All the Carboniferous world’s lignin couldn’t have made its way into coal, and lignin isn’t even the only type of organic matter in Carboniferous-age coals. At least some of it must have decayed.

The paper also notes that where there are bits of fairly well-preserved plant tissue, there is some evidence that the decay process worked the same as it does today. There is preserved tissue showing visible signs of partial decay. Above-ground tissue is harder to find than root material, for example, which happens because a lack of oxygen in the wet ground prevents decay by oxygen-respiring organisms. And rather than lignin-rich remains, it’s the lignin-poor parts of those trees that seem to be preserved the best, the researchers say.

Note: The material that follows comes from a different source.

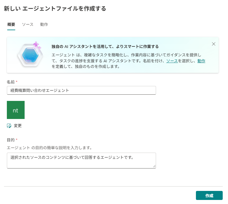動作のページでは、エージェントに指示を与えます。今回は、以下のように簡潔な指示を与え、作成しました。

Stepping back from the magnifying lens, big-picture patterns seem to be telling a different story, too. Some Carboniferous coals include lots of material from ancestors of conifers, which contained more lignin than their giant club moss relatives, making these coals particularly lignin-rich. And at one point, these Carboniferous ecosystems shifted away from woody plants almost entirely, making very lignin-poor coals. If the coal were lignin-dependent, the rates of deposition would be very different. But looking across North America, there is no real difference in how much coal was forming at the time of those transitions.

So if missing fungus can’t explain the abundance of Carboniferous coals, what can? The researchers propose a more conventional explanation. The formation of coal requires two steps. First, you need a swampy environment where peat can accumulate in low-oxygen conditions that ward off decay. Second, you need to bury the whole mess quite deeply, allowing pressure and temperature to turn your peat into coal.

During the Carboniferous, the Pangaea super-continent was coming together. And in a tropical swath along the equator, a mountain range (now the Appalachians) was being pushed up by continental collision. On either side of that growing mountain range, the crust bowed downward a bit as a result. Those ever-deepening bedrock buckets were positioned right beneath soggy tropical wetland regions. The end result was lots of deeply buried peat.

There was one other time in North American history with significant coal formation, and that was a period bracketing the mass extinction of the dinosaurs. Then, too, there was mountain-building (this time the Rockies) with a neighboring basin, and hot, wet climate conditions.

Describing the neat story we’ve been using to explain the abundance of Carboniferous coal, the researchers write, “Such geobiological hypotheses sometimes persist based largely on the strength of their novelty, without sufficient predictive testing.” Having tested this hypothesis and found it lacking, they conclude that “the Carboniferous-Permian peak and subsequent decline in coal production most likely reflects a unique combination of tectonics and climate with the particular details of the evolution of plant and fungal community composition bearing no direct relevance.”

PNAS, 2016. DOI: 10.1073/pnas.1517943113  (About DOIs).